The effort is expected to dramatically boost the penetration of video-enabled IM — which has been found to be popular among IM users. Yahoo! said last year — in connection with announcing its broadband SuperWebcam feature — that after only a year in service, it had more than 6 million video and IM users.

“We came to realize very quickly from our work with Yahoo! a few years ago that real-time video communications over IM is a killer app,” said Bruce Friedricks, director of product marketing for Logitech’s Video Business Unit. “The growth of that among the Yahoo! user base has been tremendous.”

The opposite also holds true, as it seems likely for Webcam fans to be driven to choose MSN Messenger over competitors like AOL Instant Messenger. Logitech, which stands to benefit from access to Microsoft’s 75 million-plus MSN Messenger users, said almost 90 percent of the registered owners of its flagship QuickCam Webcam are on instant messaging. Thus, adding Webcam functionality to MSN Messenger could represent a major differentiator in the highly competitive consumer IM wars.

The deal does not lock Logitech in with Microsoft. However, the firm declined to go into detail about its plans for video-enabling other IM networks, saying instead that it plans to concentrate in the short-term on enhancing its integration with MSN.

“Our desire is to make sure all major IMs have this video capability,” Friedricks said. “We see it’s a great user experience and that it will lead to sales of cameras.”

The agreement also continues the increasing integration of multimedia with instant messaging. Earlier this month, Microsoft introduced beta versions of its Greenwich server-based enterprise collaboration solution and platform, and its threedegrees peer-to-peer music- and photo-sharing application.

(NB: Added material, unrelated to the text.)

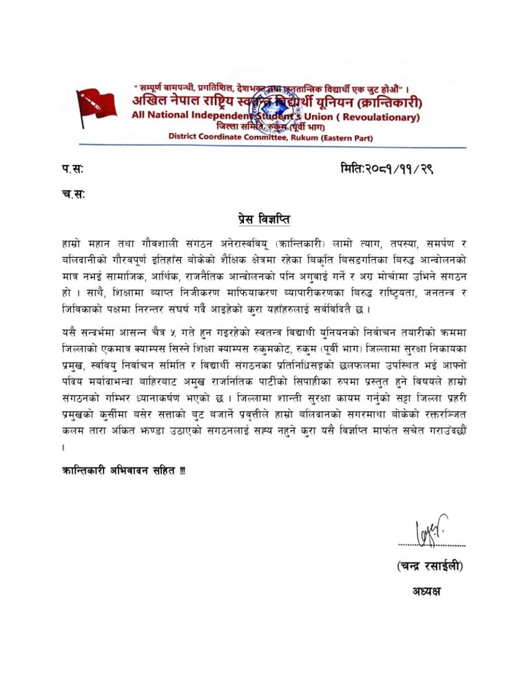 अखिल (क्रान्तिकारी) ले जिल्ला प्रहरी कार्यालय रुकुमपूर्वका डिएसपी माधव प्रसाद खरेललाई बर्दी खोलेर राजनीति गर्न सुझाव दिएको छ। आगामी चैत्र ५ गते हुने स्वतन्त्र विद्यार्थी युनियन (स्ववियु) निर्वाचनको तयारीका क्रममा रुकुम (पूर्वी) को सिस्ने शिक्षा क्याम्पसमा भएको छलफलमा खरेलले पदीय मर्यादाभन्दा बाहिर गई अमुक राजनीतिक दलको प्रवक्ताको भूमिका खेलेको भन्दै अखिल (क्रान्तिकारी) ले कडा आपत्ति जनाएको छ।

Both initiatives are based on instant messaging and presence functionality, but layer on additional features.

AOL, for its part, has never indicated that it intends to add video functionality to its existing AIM network or clients.

“All I can say is that Webcam support is something that we’re looking at, but we have announced no plans to support,” said an America Online spokesperson.

For one thing, doing so might represent an effort to deploy “advanced, IM-based high-speed services” functions over its proprietary instant messaging network — which, according to conditions imposed by the Federal Communications Commission on America Online’s merger with Time Warner, could require AOL to open its IM network to allow for server-to-server interoperability with competing networks.

It’s not clear whether the FCC stipulations would apply to video-enabled IM, although the FCC did single out videoconferencing over broadband as one condition that would require AOL to provide interoperability.

It’s also unclear whether the conditions will continue to apply under the current FCC, with its G.O.P. majority. At the time of its passing in early January, the agency’s three Democrat and two Republican commissioners split on issues surrounding AOL instant messaging along party lines; FCC Chairman Michael Powell, a Republican, and a commissioner at the time, dissented from the IM stipulation.

While the FCC’s ruling is enforceable indefinitely, AOL Time Warner is allowed to ask for the restrictions to be lifted, by demonstrating that the conditions for its providing advanced, high-speed IM-based services no longer serve the public interest because there has been a “material change” in circumstances.